LaRoche J. Jackson (born June 21, 1984) is an American football defensive back who is currently a free agent. He played as a defensive back for Clark Atlanta University. He was signed as a free agent by the Jacksonville Sharks in 2010, played for the championship Sharks team in 2011, and played for the Sharks throughout 2012. He signed with the Lakeland Raiders in 2013. On March 30, 2013, it was announced that he had signed with the Cleveland Gladiators. On April 22, 2015, Jackson returned to the Sharks. On April 27, 2017, Jackson was released by the Sharks. On May 16, 2017, Jackson was assigned to the Tampa Bay Storm.

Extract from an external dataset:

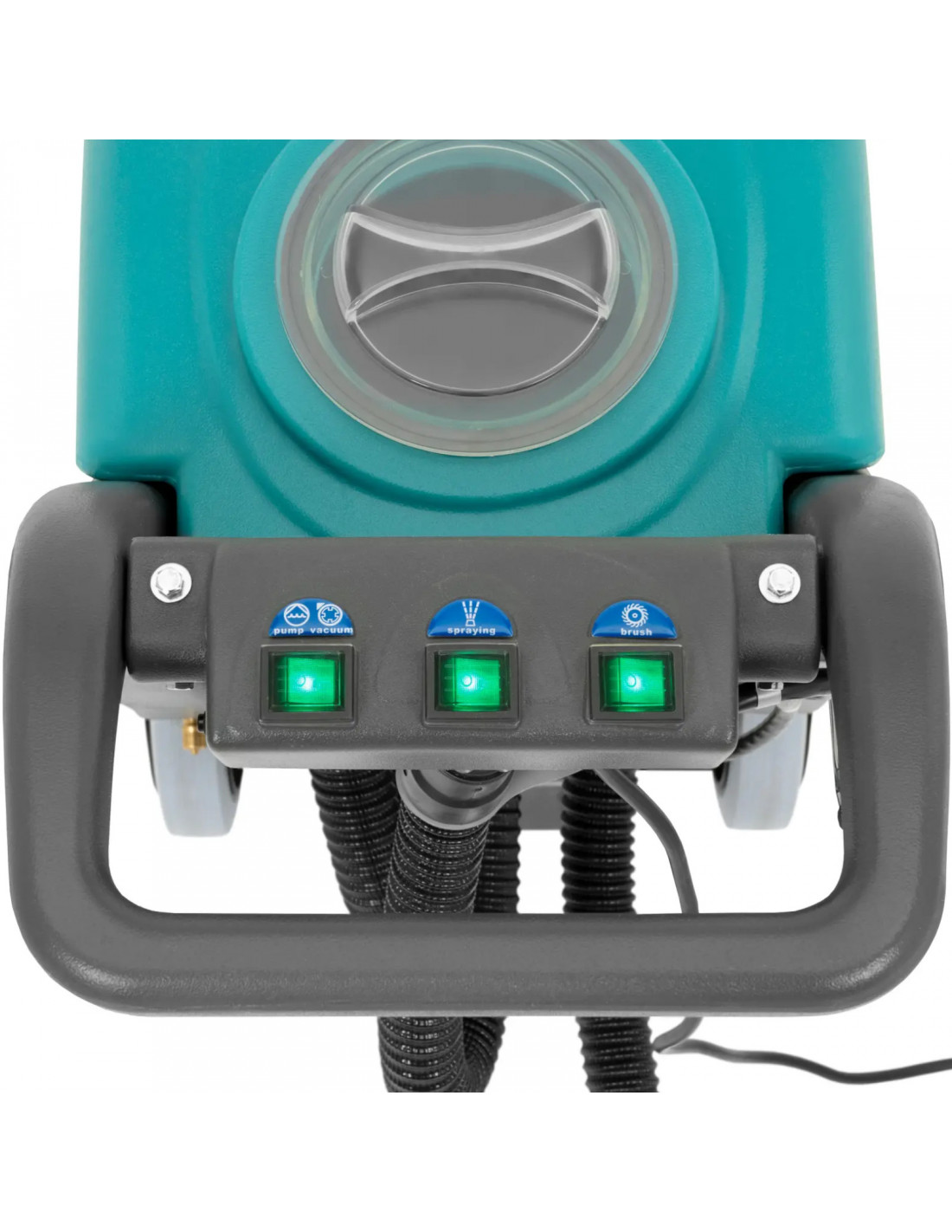 - - Įrenginys su keturiais antgaliais, kurių slėgis yra 2 barai, kad vanduo būtų tolygiai paskirstytas, 40 cm pločio apvaliu šepečiu, kurio greitis yra 1100 aps./min., ir 1000 W varikliu, užtikrinančiu puikią siurbimo galią,

He signed with the Atlanta Havoc in December 2017.  On March 5, 2019, Jackson returned to the AFL as he was assigned to the expansion Atlantic City Blackjacks.

References

External links
 Jacksonville Sharks bio
 Interview With Sharks Player LaRoche Jackson

1984 births
Living people
American football defensive backs
Atlantic City Blackjacks players
Clark Atlanta Panthers football players
Bloomington Extreme players
Hamilton Tiger-Cats players
Jacksonville Sharks players
Lakeland Raiders players
Cleveland Gladiators players
Las Vegas Outlaws (arena football) players
Tampa Bay Storm players
American Arena League players
People from Wilkinson County, Georgia
Players of American football from Georgia (U.S. state)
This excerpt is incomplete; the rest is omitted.